Locomotion: the National Railway Museum at Shildon and Head of Steam, Darlington Railway Museum launched the mobile display this week.

Railways at War- Our Unsung Heroes is a collection of photographs and personal reflections exploring the stories of World War Two railway workers. It follows an intergenerational project which brought schools and war veterans from across County Durham together.

Locomotion’s education officer Anthony Attle said: "The transport network, of which the railway was a huge part as there weren’t as many cars and roads as there are now, was hugely important during the war.

"We wanted to mark the wartime efforts of all those railway workers, in all jobs, that together kept the country moving.

"It was important for transporting evacuees early on, then moving goods, getting arms and soldiers around and there were hospital lines for the injured.

"As was often the case with people from that era, they all made a valuable contribution to the war whether on the front-line or back home yet just got on with it so we wanted to commemorate that."

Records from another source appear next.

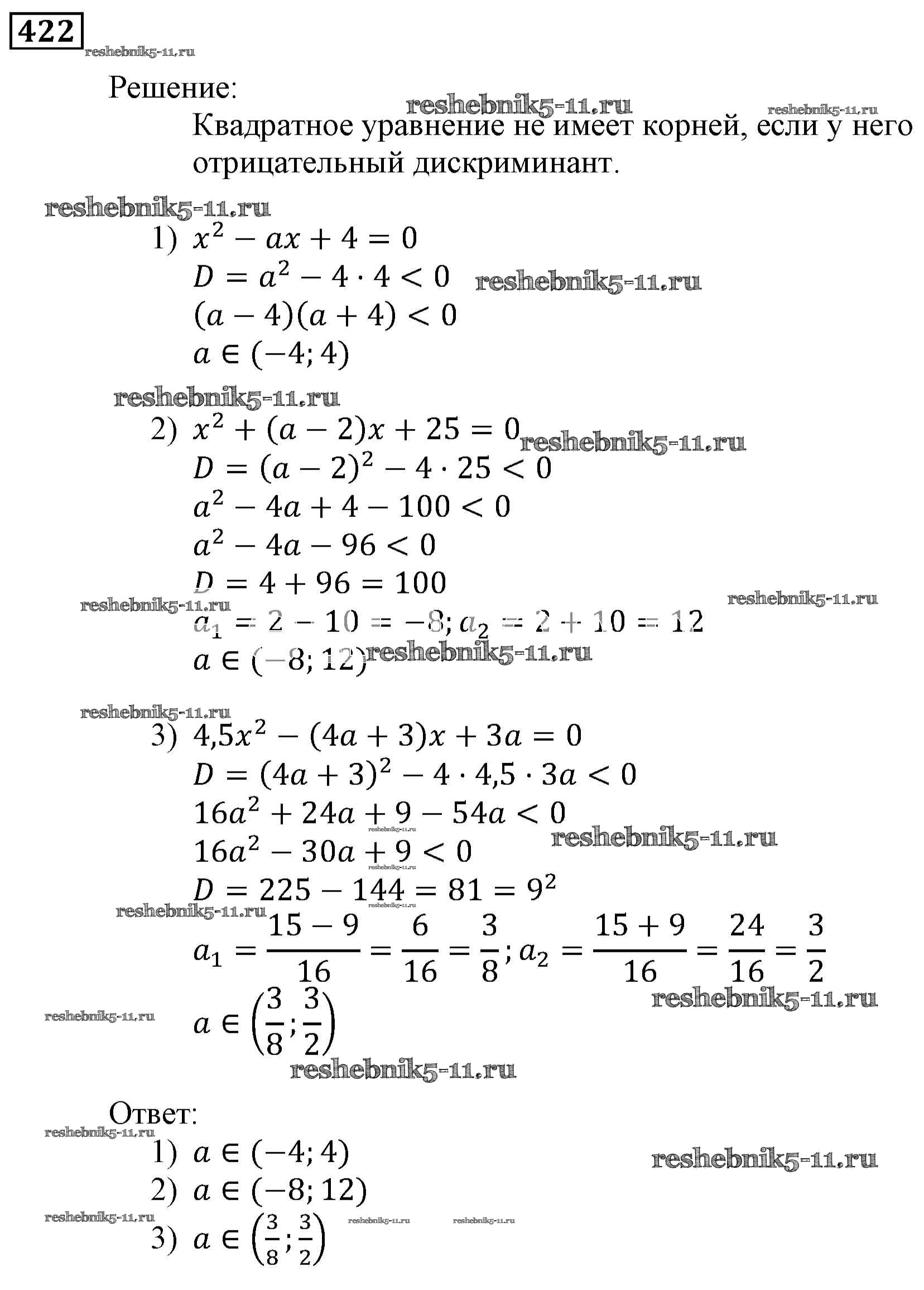 Готовая домашняя работа с ответами по Алгебре за 9 класс Мерзляк, Полонский, Якир Учебник Алгоритм успеха Вентана-граф 2016 ФГОС - Упражнения 422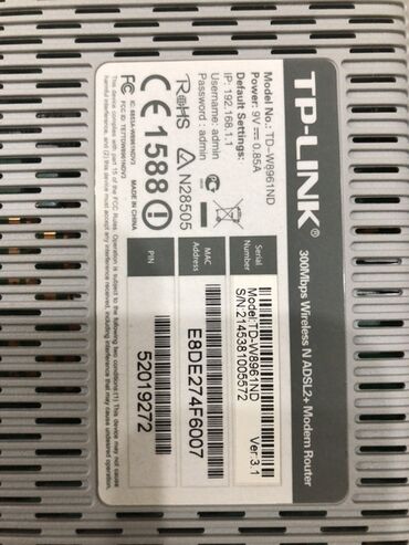 Başlıq: Modem Təsvir: TP-Link TD-W8961N ADSL2+ modem/router. - Simsiz sürət: 300 Mbps (2.4 GHz) - Daxili ADSL modem + Wi‑Fi router funksiyası - 2 ədəd çıxarıla bilən anten - 4x LAN port (Ethernet...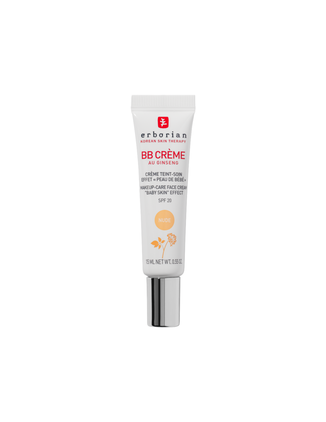 ERBORIAN Super BB Au Ginseng SPF 20 Nude es una crema de tratamiento con color que fusiona maquillaje y skincare para un efecto "piel de bebé" natural, unificando el tono, disimulando imperfecciones, mejorando la textura, hidratando y dejando un acabado aterciopelado no graso. Enriquecida con extracto de Ginseng Blanco (6 años) y un complejo botánico de regaliz, ñame silvestre, cola de caballo y kigelia, ofrece protección SPF 20 contra rayos UV, pigmentos 100% minerales y fórmula vegana, no comedogénica. Ideal para pieles normales a mixtas en tono Nude. El 100% de las usuarias notan la cobertura de las imperfecciones, piel respirando y más suave tras 1 mes. Perfecta para rutinas matutinas que buscan luminosidad, elasticidad y protección diaria.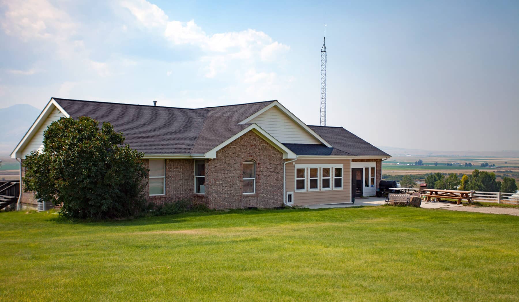 The ‘Brick House’, which the current owners utilize as their primary residence, is a very comfortable family home with a beautifully remodeled kitchen that has commanding mountain and river-corridor views. The 2,984± square foot four-bedroom, three-bathroom home is heated with forced-air heat and has air conditioning. The home has a separate well and septic system. There is a nicely fenced and landscaped yard with mature trees, an underground sprinkler system, and two concrete RV pads with water and power.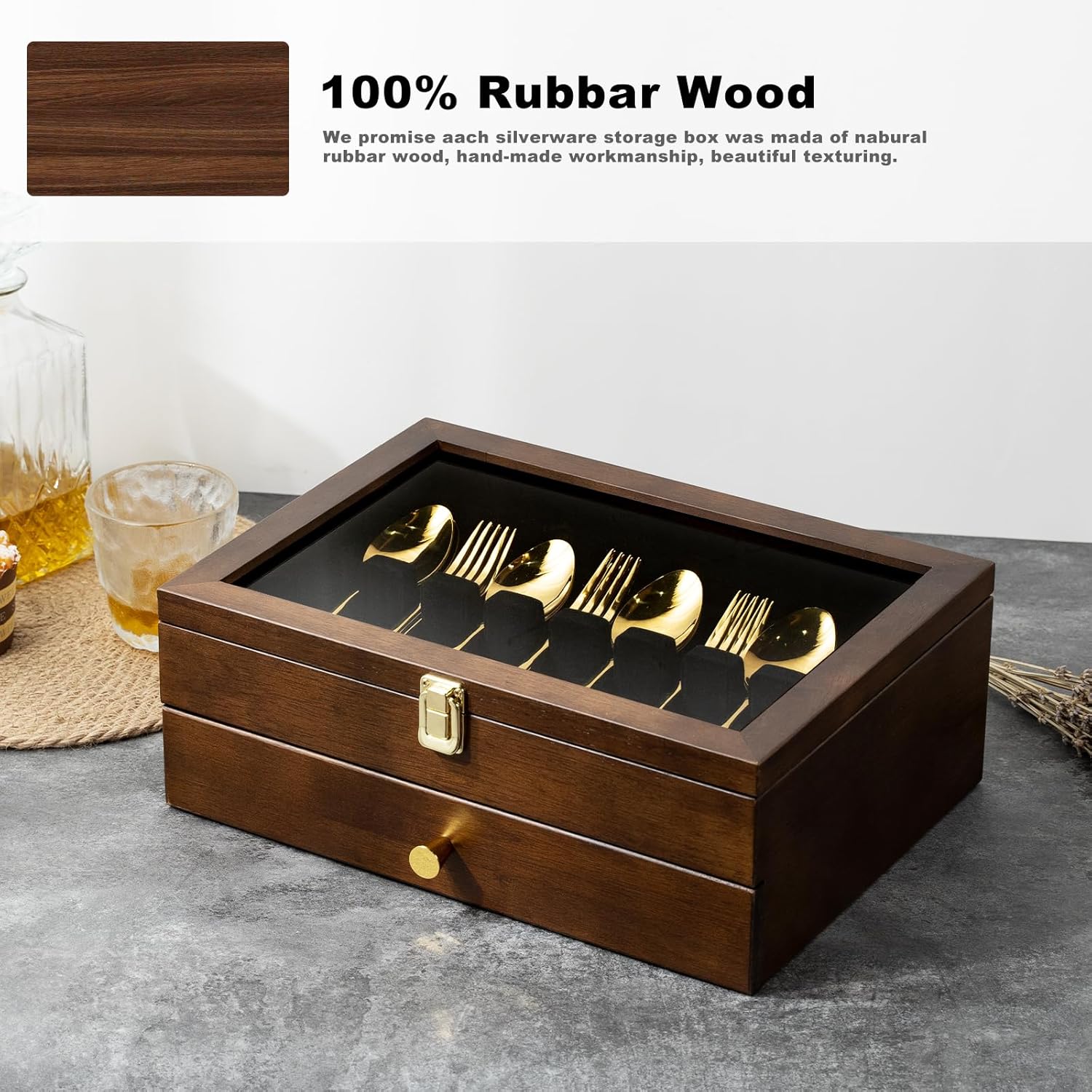 - Premium Silverware Organizer Case: Under the clear glass lid of this silverware organizer , all of your favorite silverwares are visible at a glance and well-protected from dust and provides plenty of space for organizing daily utensils or storing fine silverware that’s used for parties or special occasions.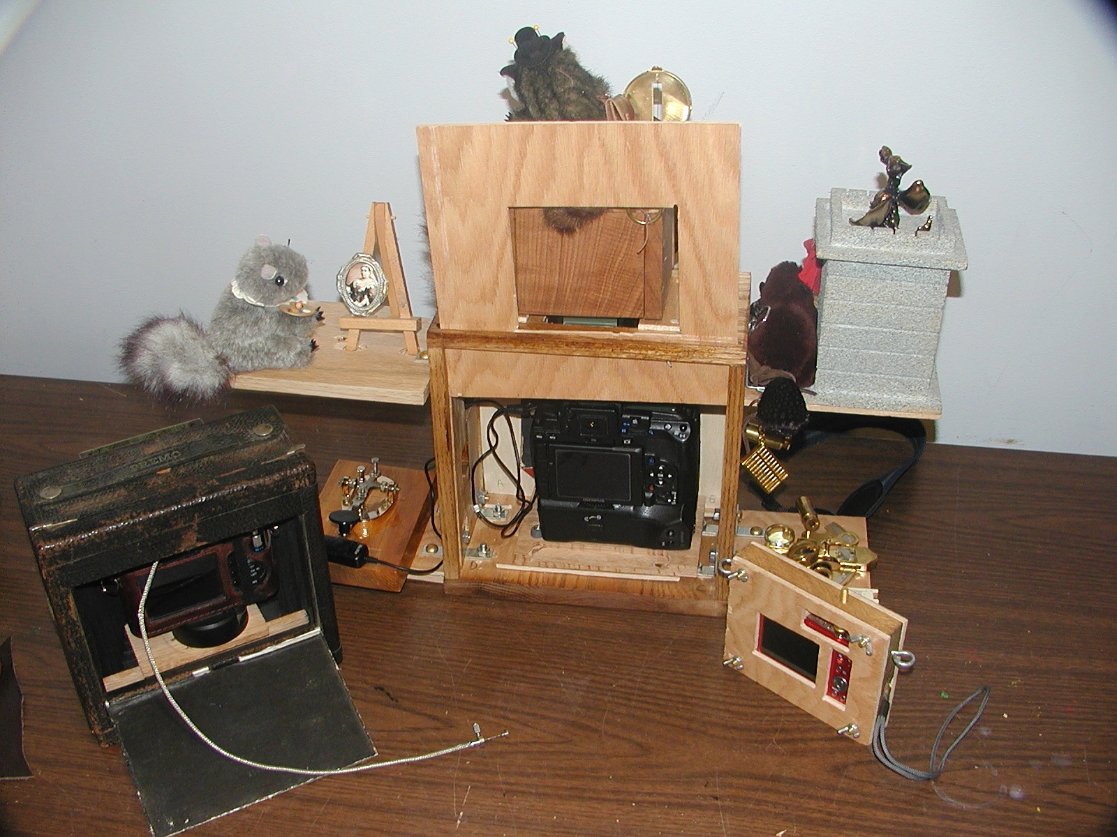 Picture #11: Back of the disguised cameras at SIR Small: 800x623, 86,471 bytes (85K), (html file) Large: 1600x1200, 753,297 bytes (736K), (html file) Copyright, Michael Meissner 2012, All rights reserved Olympus C-2100UZ camera f/2.8, ISO 100, flash, 1/30 sec, 7.0mm, auto mode, SHQ, cloudy, matrix metering 35mm equivalent focal length 39.0mm Extra equipment used: pop-up flash Programs used: raw therapee Taken by Michael Meissner on June 11, 2012 08:25:44 Last modified on June 11, 2012 at 21:39 |

Among the workers involved in the project was Alan Holmes, of Ferryhill, who worked out of the North Road Depot in Darlington initially as a cleaner then as a fireman.

At the launch, Mr Attle presented him with a bound copy of his own stories which will be reproduced for educational projects. A website featuring work from the project, which was part of Their Past Your Future 2 funded by the Big Lottery Fund and Museums Libraries and Archives, is also being created.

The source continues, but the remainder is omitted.